It was my first official day. After making the familiar 25-minute drive to Miami Jai-Alai for 18 years, I was now approaching the vintage Dania Jai-Alai sign perched atop the rundown Pirates Hotel at Dania Beach Blvd. The neon arrow pointed to the right, towards the beach.
As I found a vacant spot in one of the numbered spaces in the Executive Parking Lot, I couldn’t help but notice the two cars parked in spaces #1 and #2. This had to be Steve Snyder’s (owner) and John Knox’s (general manager) two spots. I wondered how far down the line I was going to be.
Then, I got out of my car. I saw the multitude of Royal Palms waving in the ocean breeze. I could actually smell the salt from the Atlantic not more than a mile away. It almost felt like I was about to check into a resort and not actually reporting to work.
Miami Jai-Alai was so different. The entrance was right on a public street, NW 37th Avenue, in a very rundown area near the airport. I had been used to Tampa Jai-Alai, where there was an enormous parking lot separating our entrance from the busy Dale Mabry. It just always felt strange walking down the sidewalk to our Miami entrance.
Dania’s “modern” (actually built in the early 1950s and remodeled later) building was recessed back from Dania Beach Blvd (which was the road to the beach). The valet parking area separated the building from the street. There was a front and back entrance. Most fans entered the massive rear parking lot, peppered with palms. I was now standing on the side of the building, near the door to the executive offices. It was time to begin the new phase of my life, my life with Dania Jai-Alai.
“I’m Marty Fleischman, the new Assistant Manager,” I said to the friendly receptionist. “Oh, yes, our new Marketing Director,” she answered. “Go right up the elevator, Mr. Knox is waiting for you.” I wanted to say, “No, I’m the damn new Assistant Manager,” but she wasn’t wrong. I just didn’t want to be identified anymore as “the marketing guy.” I guess I felt a little like Dwight Shrute from “The Office” always wanting to be Assistant Regional Manager instead of Assistant to The Regional Manager.
Later, John took me down the hall and showed me my new office. Across the hall from me were two desks, one occupied by a short-haired lady, dressed kind of quirky. John said, “Marty, this the Marketing Secretary, Doanie.” First time I ever met a “Doanie” before. She eyed me cautiously not knowing my plans for her position. Truthfully, at that time, I did not know either.

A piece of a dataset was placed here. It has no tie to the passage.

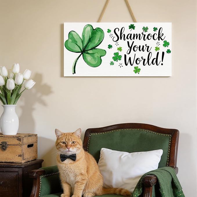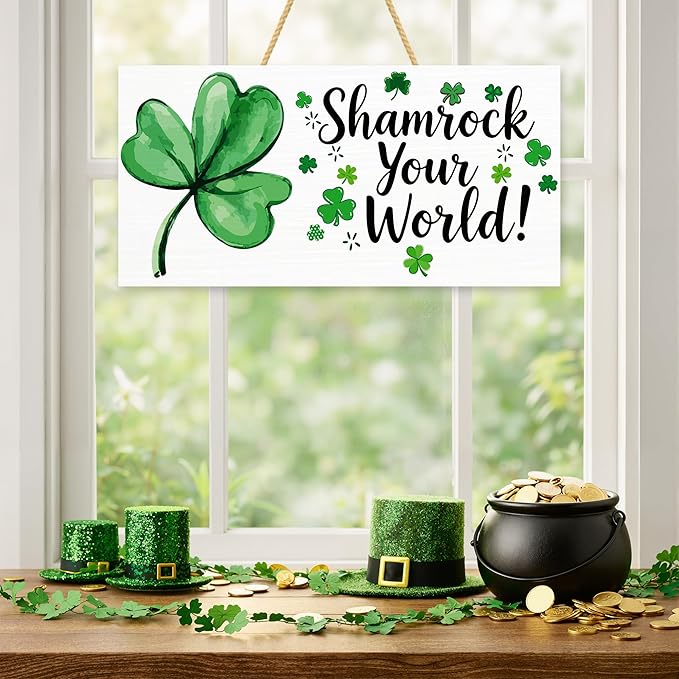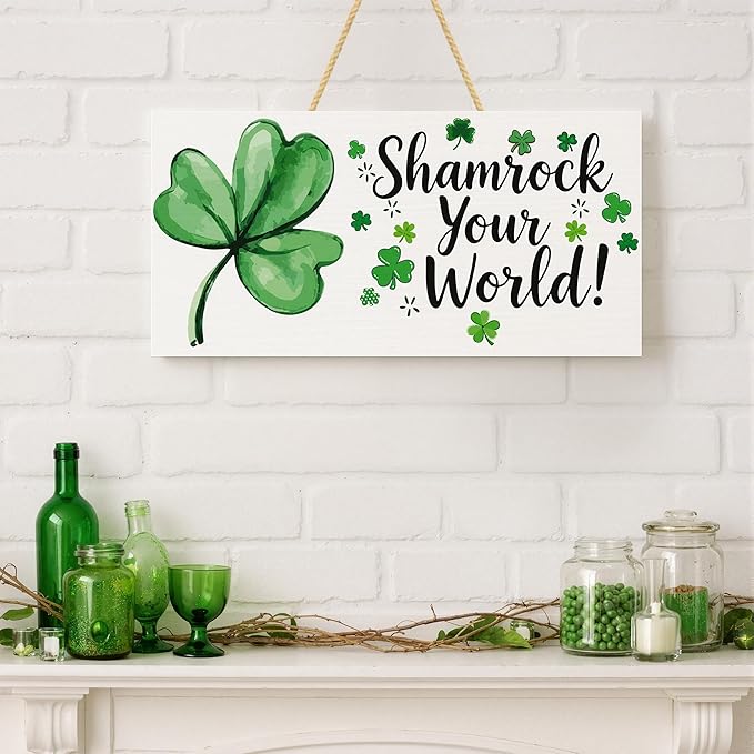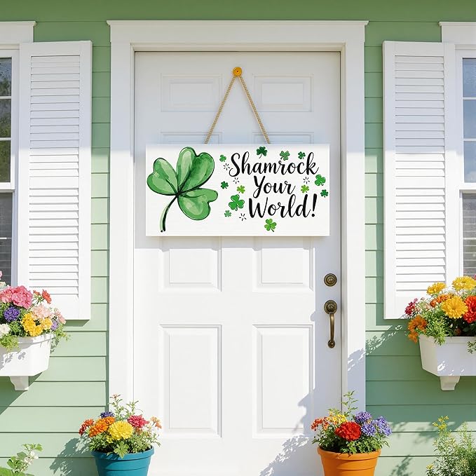 St Patricks Day Decorations - Hanging Wooden Sign for Wall Home Door Birthday | Shamrock Decorations Wood Wreaths Irish St Patty's Day Accessories Party Favors - St. Patrick's Day Decor

“Brian uses this desk when he’s in,” John continued pointing to the area next to Doanie. Brian Sallerson was the fronton publicity guy, who would report to me. He had worked at the Sun Sentinel prior to joining Dania Jai-Alai. I had spoken to Brian a few times while I was at Miami. A very nice guy, he would handle many of the PR duties during the performances, like supervising the announcers and statistician. He would, also, help coordinate fronton promotions.
My formal introduction to the other department heads came at the weekly department head meeting John held in the conference room next door to my office. As the 9 people filed in, I noticed each went to a specific chair. I took the empty one.
I was now surrounded by “the enemy.” After all, this was Dania Jai-Alai, Miami’s arch rival. When I was in Miami, our goal was to have better players than Dania, to beat them in tournaments, to have higher attendance. Dania seemingly was “The Evil Empire” and I had now come over “to the dark side.” All eyes were on the new guy! Yet, they all had friendly smiles on their faces.
As John introduced me, each shook my hand and gave me a warm welcome. I only knew one of them, Player Manager Jose Arregui. He had been in Tampa and Ocala with me in my early years. We were good friends, and I was thrilled to have one known ally among the group. The others seemed genuinely happy I was joining the team.
I spoke briefly about my past experience in the sport of Jai-Alai, my past duties in Miami, and how long I had known John. The meeting ended after John asked each department head if they had anything to say, none spoke. It was obvious to me this was John’s “show.” He would bring everyone up to date on any news or problems. Few ever spoke. I would be the exception.
Dania Jai-Alai’s physical building was similar to other frontons, except for the location of the offices (on the side of the building). That first day, I would follow John out the door across from my office, down this long, winding hallway through the bowels of the fronton, finally pushing open two doors to enter the 2nd floor lobby. Unfortunately, I was not always paying attention to his route and often walked into utility closets or storage rooms. It would take me months before I could navigate my way from my office to the snack bar.
A few days into my new job, Steve Snyder calls me and asks, “Marty, do you play racquetball?” Remembering my early 1980s soiree into the racquetball fad, I quickly said, “Of course, why?” He told me that he had built an indoor racquetball court just upstairs from my office and to bring my paddle. If nothing else worked out here in Dania, at least I was going to get a few racquetball games in.